NCT Audio then paid Top Source Technologies ("TST"), Inc. $2,050,000 on
July 31, 1998. The money was held in escrow with all of the necessary securities
and documents to evidence ownership of 20% of the total equity rights and
interests in TSA. When Top Source Technologies, Inc.'s shareholders approved the
transaction, the $2,050,000 was delivered to TSA. In return, NCT Audio took
ownership of the documentation and securities held in escrow.
NCT Audio had an exclusive right, as extended, to purchase the assets of
TSA through July 15, 1999. Under the terms of the original agreement, NCT Audio
was required to pay Top Source Technologies, Inc. $6.5 million on or before
March 31, 1999 to complete the acquisition of TSA's assets. As consideration for
an extension of such exclusive right from March 31, 1999 to May 28, 1999, NCT
Audio agreed to pay Top Source Technologies, Inc. a fee of $350,000 consisting
of $20,685 in cash, $125,000 of NCT Audio's minority interest in TSA earnings,
and a $204,315 note payable, due April 16, 1999. If NCT Audio failed to pay the
note by April 16, 1999, (a) the note would begin to accrue interest on April 17,
1999 at the lower of the rate of two times the prime rate or the highest rate
allowable by law; and (b) the $20,685 and $125,000 portion of the extension fee
would no longer be credited toward the $6.5 million purchase consideration due
at closing. If NCT Audio failed to pay the note by April 30, 1999, the $204,315
portion of the extension fee would no longer be credited toward the $6.5 million
closing amount due. To date, NCT Audio has not paid the note. Further, if NCT
Audio failed to close the contemplated transaction by May 28, 1999, NCT Audio
would forfeit its minority earnings in TSA for the period June 1, 1999 through
May 30, 2000. In addition, due to NCT Audio's failure to close the transaction
by March 31, 1999, NCT Audio must pay a penalty premium of $100,000 of NCT
Audio's preferred stock.

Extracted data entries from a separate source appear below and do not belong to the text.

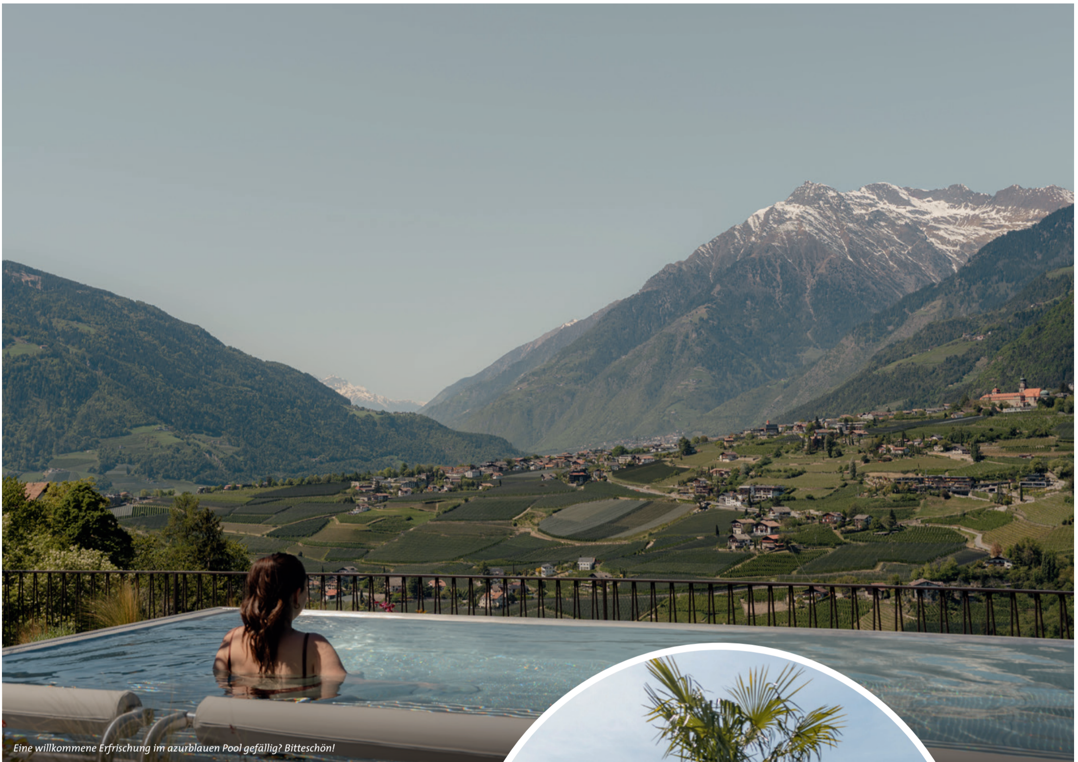
Eine willkommene Erfrischung im azurblauen Pool gefällig? Bitteschön!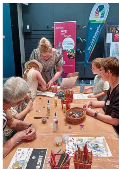
Selbst Hand anlegen konnten die Kinder in der Malereiwerkstatt.

Genau 1.709 (Stand: 2024) Kinder und Jugendliche haben einen Bibliotheksausweis. Das sind rund 40 Prozent der insgesamt 4.000 Leser. Da viele jüngere Kinder über die Ausweise ihrer Eltern angemeldet sind, dürfte die tatsächliche Anzahl der jungen Nutzer noch höher, schätzungsweise bei 50 Prozent,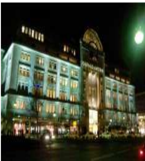
Exterior del KaDeWe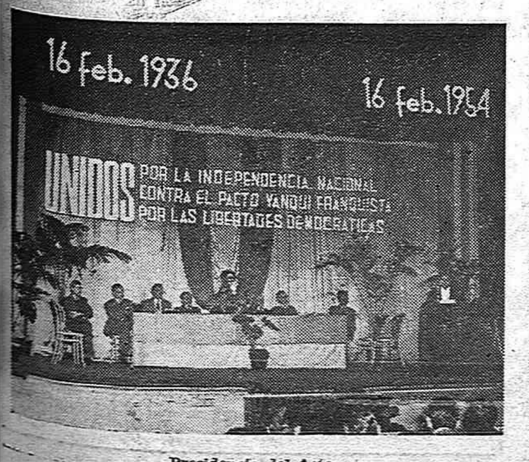
Presidencia del Acto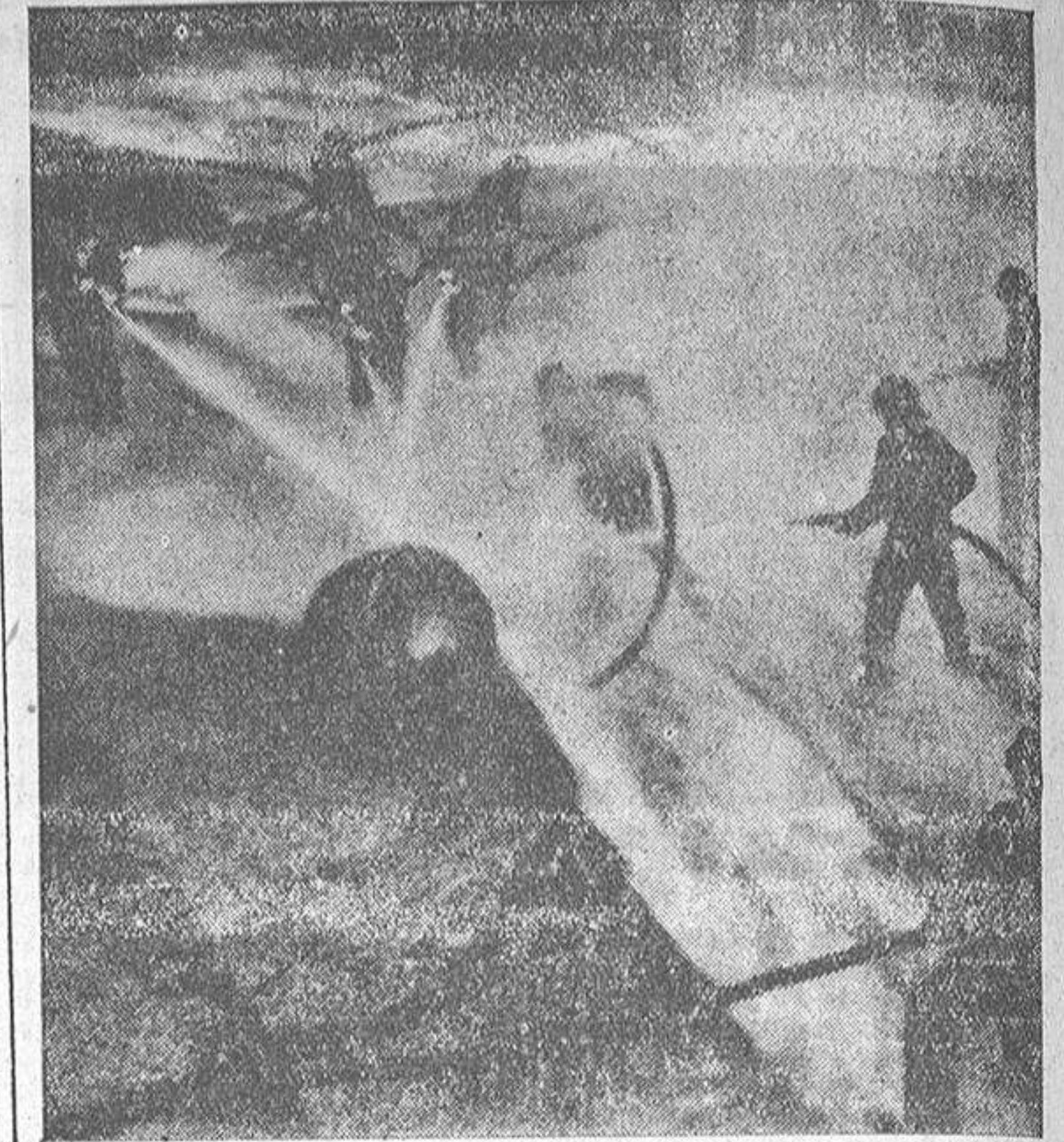
En Essen—Alemania Occidental—, los bomberos han celebrado su tradicional partido de “fútbol acuático” a mangazos. Provistos de trajes de agua, cascos y gafas y enarbolando mangas de agua a presión, se dividen en dos equipos y a fuerza de lanzar chorros de agua capaces de derribar a un hombre, empujan unos y otros un enorme balón hasta conseguir adentrarlo en la portería del contrario, donde otro bombero intenta rechazar la pelota del mismo modo. El partido terminó con 2-1 a favor del “Deportivo” de Essen, y los jugadores y el campo quedaron cubiertos de barro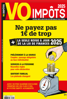
LE HORS SÉRIE POUR DÉCLARER SES RÉVENUS Prix unitaire : 7,20 €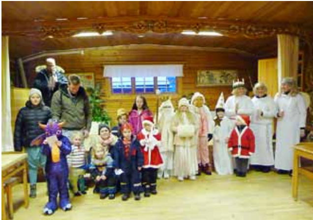
Pristagarna på knutdansen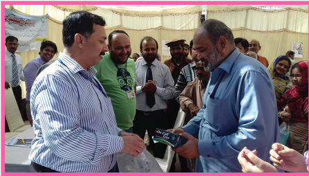
سینیئر منیجر ایڈمنسٹریٹو اور ایچ۔ آر۔ انعامات تقسیم کرتے ہوئے۔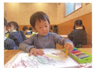
ダイナミックに ワルワル～◎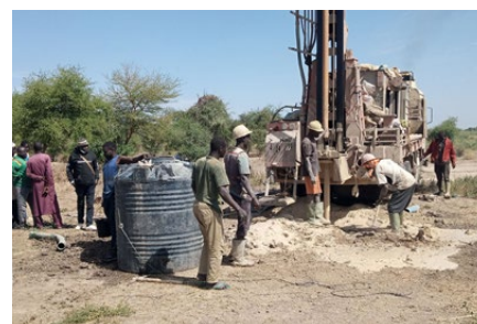
Die dritte erfolglose Bohrung in Merew

Hydrologische Gutachten sind zwar hilfreich, aber nicht immer präzise. Das Projekt zeigte, dass man hier nie Trinkwasser haben wird. Die niederschmetternde Erkenntnis führte im Dorf zu einer intensiven Diskussion. Wegziehen oder bleiben? Die Jüngeren wollen weg, die Älteren warnen, dass bei einer Umsiedlung eines ganzen Dorfes unklar bleibt, ob man genügend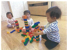
いろんな色のブロックをたくさん積み重ねて😊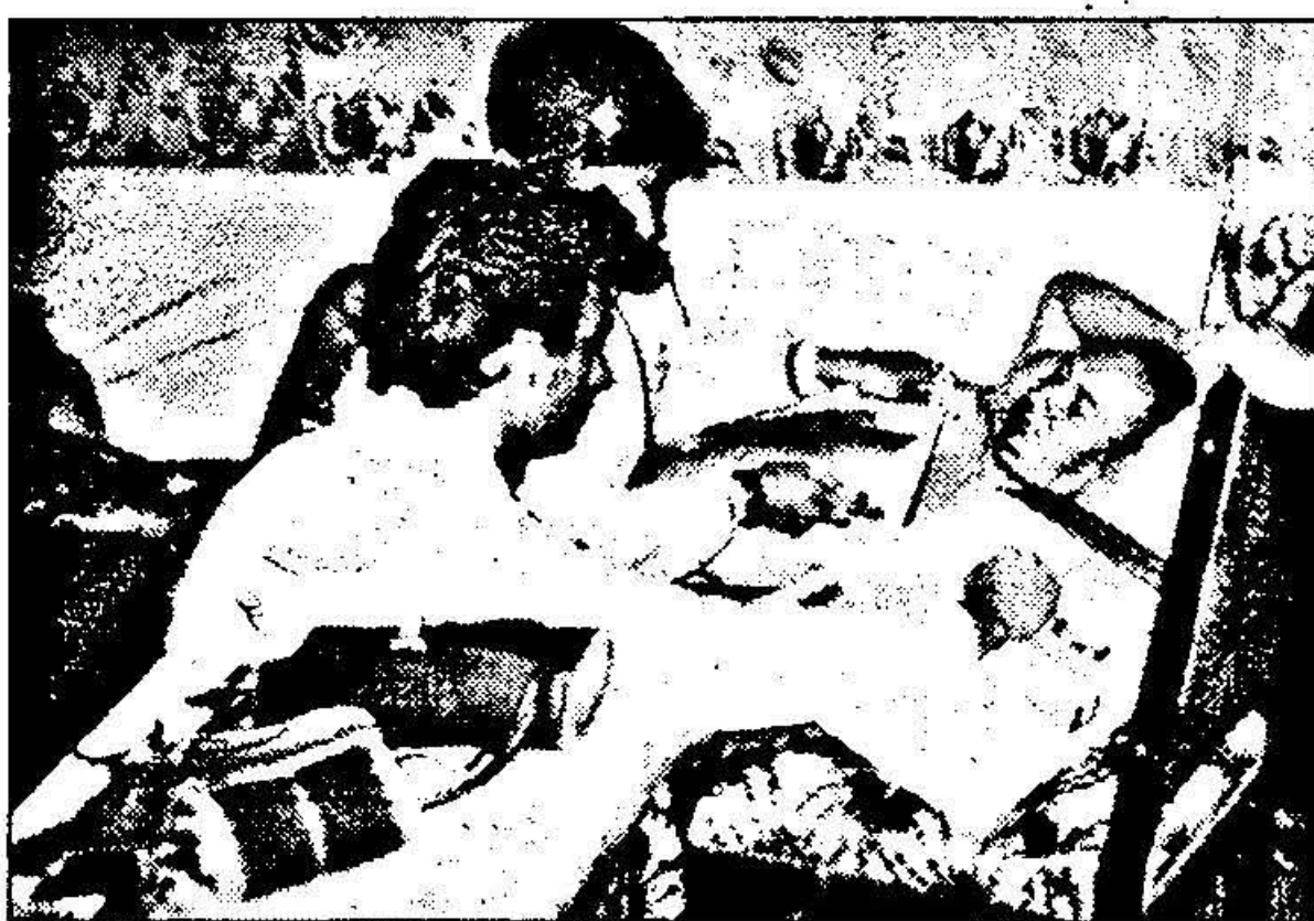
La nici cinci minute de la apelul telefonic, echipa SIAMUD acordă primul ajutor bolnavului.

In exchange for an extension from May 28, 1999 to July
15, 1999, NCT Audio relinquished 25% of its minority equity ownership in TSA. As
a result, NCT Audio now has a 15% minority interest in TSA.
On or about July 15, 1999, NCT Audio determined it would not proceed with
the purchase of the assets of TSA, as structured, primarily due to its
difficulty in raising the requisite cash consideration. As a result, NCT Audio
has reduced its net investment in TSA to $1.2 million, representing a 15%
minority interest (net of the above noted penalties and the minority interest in
TSA earnings), and recorded a $2.4 million write down to its estimated net
realizable value at September 30, 1999. On September 30, 1999, Onkyo America
purchased substantially all of the assets of TSA and certain assets of TST used
in the business of TSA. NCT Audio is seeking a minimum of its pro rata share
(15%) of such consideration less the above noted penalties.
On August 17, 1998, NCT Audio agreed to acquire all of the members'
interest in Phase Audio LLC (doing business as Precision Power, Inc. or "PPI").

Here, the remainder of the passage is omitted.